There are still 115 hostages in Gaza. In a joint statement on Friday, the US, Qatar and Egypt announced that negotiations on a ceasefire had been concluded. They called on Israel and Hamas to send delegations planned for Thursday to either Cairo or Doha.

It was time to provide “immediate assistance to both the suffering people of Gaza and the suffering hostages and their families,” it said. Immediately after this statement, Prime Minister Benjamin Netanyahu said that an Israeli negotiating team would be present.

Since the November agreement, one has had the impression that Netanyahu is trying to manipulate the agreement so that the terms are as sophisticated as possible to ensure Israel’s survival. But the hostages’ time has long since run out. Last week, Israel celebrated the fifth birthday of Ariel Bibas, who was kidnapped along with his brother Kfir, who celebrated his own first birthday in captivity, along with their mother Shiri and father Yarden.

Perhaps this paradox is emblematic of the different approaches that have emerged since October 7: one, the micro approach, focuses on the hostages and their families and on the high casualty rates on both sides, which humanize the individual. The other, the macro approach, asks bigger picture questions and is more power-oriented: How can we guarantee Israel’s security militarily? How can we use our strengths and allies to defeat Iran?

Families and supporters of Israeli soldiers kidnapped by Hamas from the Nahal Oz surveillance post on October 7 demand the release of all hostages held in Gaza outside the home of Shas chief MK Aryeh Deri in Jerusalem earlier this week. (Source: YONATAN SINDEL/FLASH90)

The second approach sees the first as narrow-minded and beside the point, while the first approach claims that national salvation is not feasible without individual salvation. Both approaches should be considered and included in such an agreement.

Perhaps the divide lies much deeper and goes back further than October 7. Perhaps it is the clash of two national approaches with different priorities.

We cannot ignore the fact that even when an agreement is reached, when hands are shaken and photographs are taken, it will take years, perhaps even a generation, for the painful scars left on individuals, collectives and communities to heal.

The emotional, psychological, diplomatic, financial and physical damage is truly life-changing and has shaped – and continues to shape – this entire generation. Channel 12 aired a segment last week in which interviewers spoke to survivors of the southern kibbutzim and the Nova music festival; they are the dor hamilhama, “the war generation.”

The damage knows no distinctions: the survivors of October 7; those who lost family and friends; the soldiers who fought and died and are still doing so at this very moment; the roughly 200,000 citizens forced to flee within their sovereign borders, whose lives hang in the balance; those struggling with stress, anxiety and depression; Arab Israelis trapped in a tortured state of split identities – a conversation the public is not ready to have. None of this will go away; it will take years of focused healing and time, and its legacy will be passed on to the next generation of Israelis and Palestinians living here.
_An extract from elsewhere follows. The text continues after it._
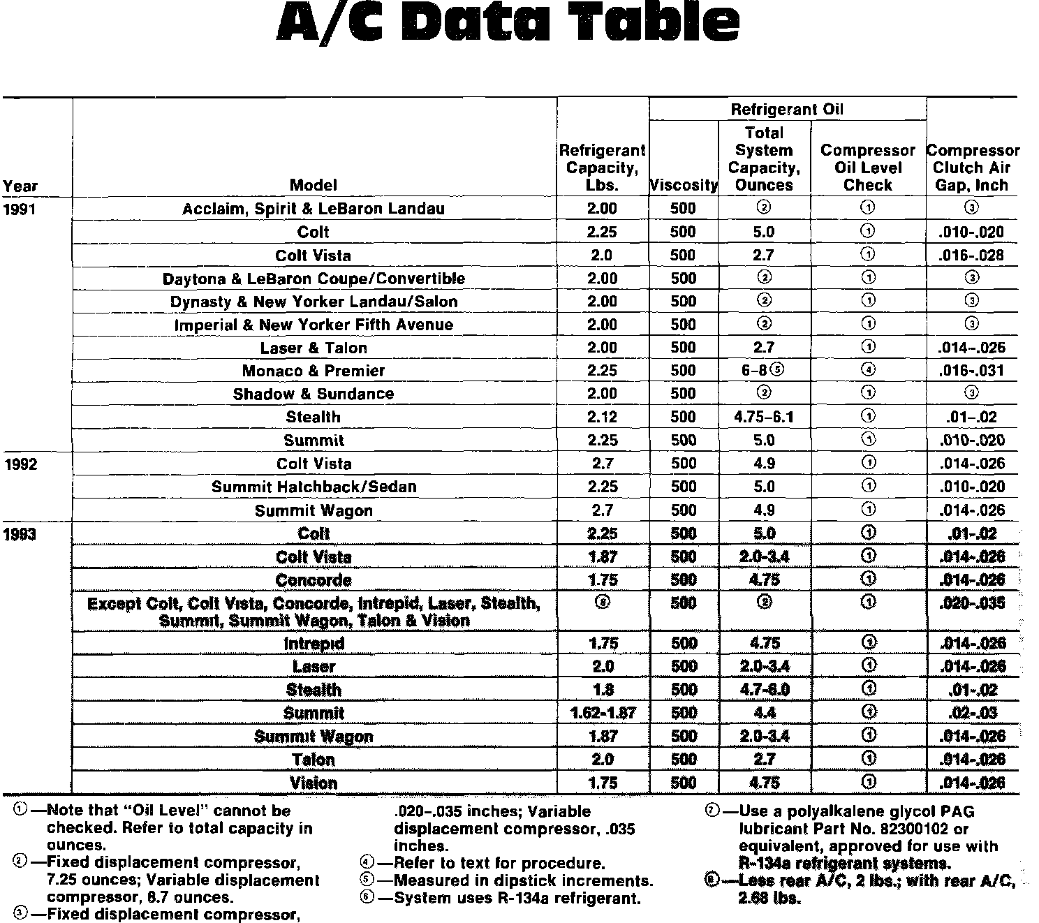 A/C Data Table: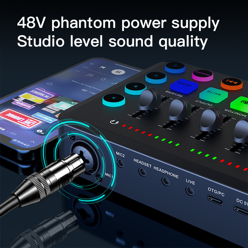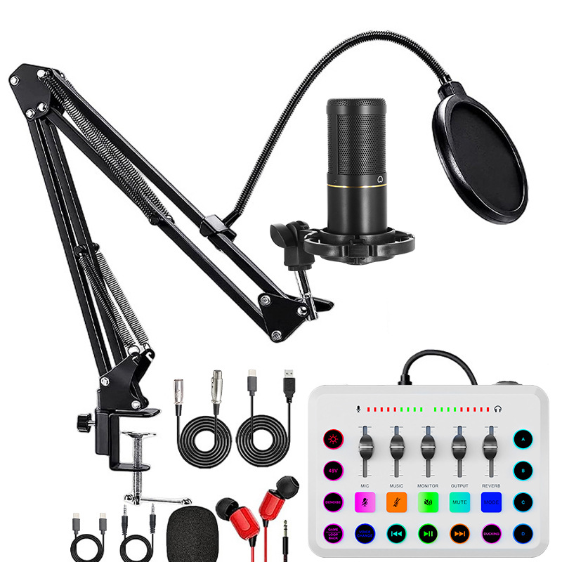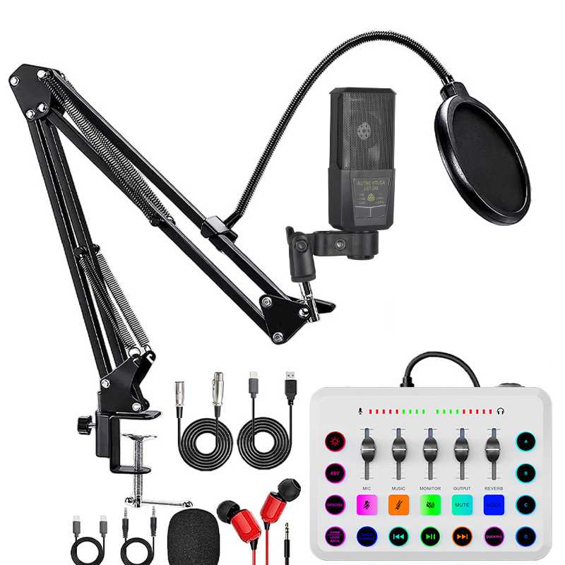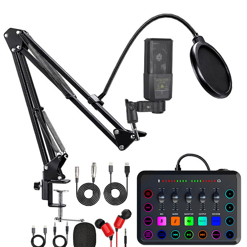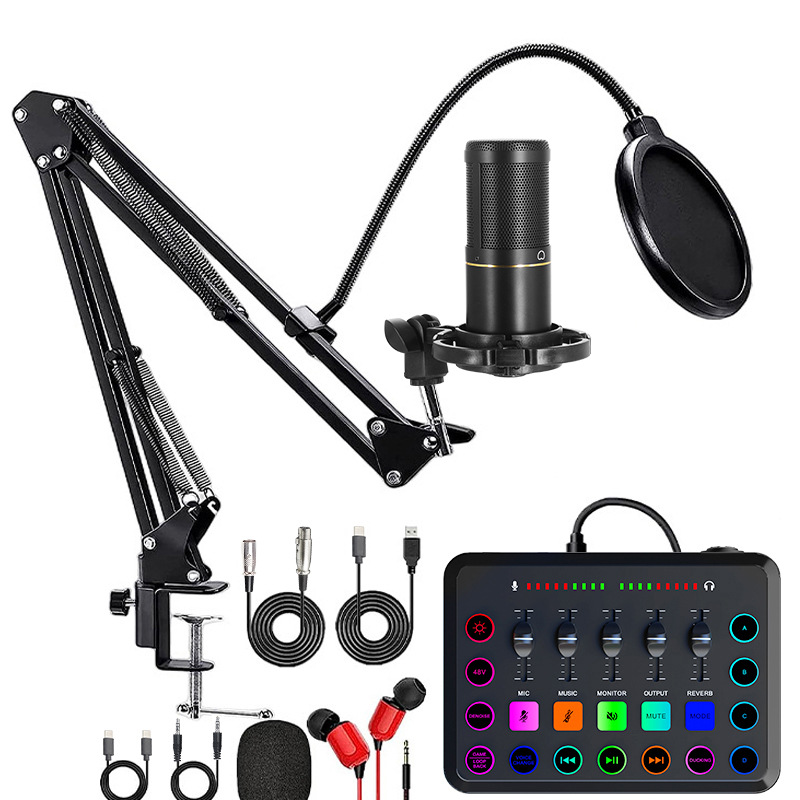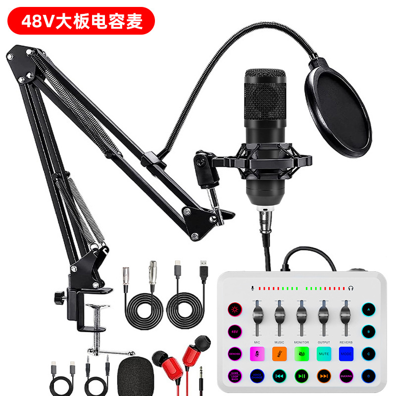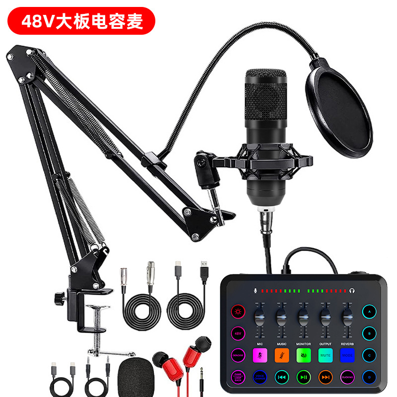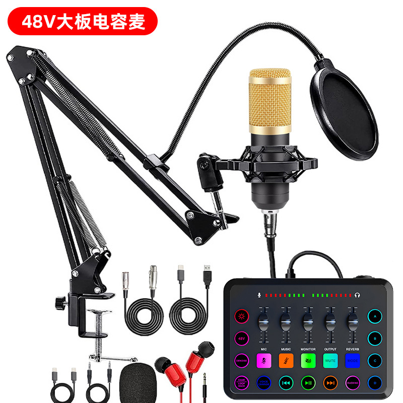 48v大振膜声卡F11英文声卡设备直播全套手机唱歌电脑录音专业声卡

This will not be forgotten by an agreement that “ends” the war. Because a war really has no end, there are only victims and survivors, and the survivors on this side of the border will not be forgotten. Moreover, most people understand that “ending the war” actually means a temporary ceasefire.

An ideology cannot be killed

You cannot kill an ideology, but you can kill people, especially those who have been held captive in airtight tunnels deep underground for an unimaginably long period of time, after dozens of them have already been killed since November.

“I would rather have bad press than a good obituary,” Netanyahu said in an exclusive interview with Time magazine last week. This is a calculation that the victims and hostages were not allowed to make.

This delegation must be the last one. It must ensure the release of all the hostages and the best possible conditions for Israel’s security. People are tired and exhausted, and they don’t want the best deal – there is no time left – they just want their people to come home so they can start recovering. Without that, without the micro, the recovery cannot begin.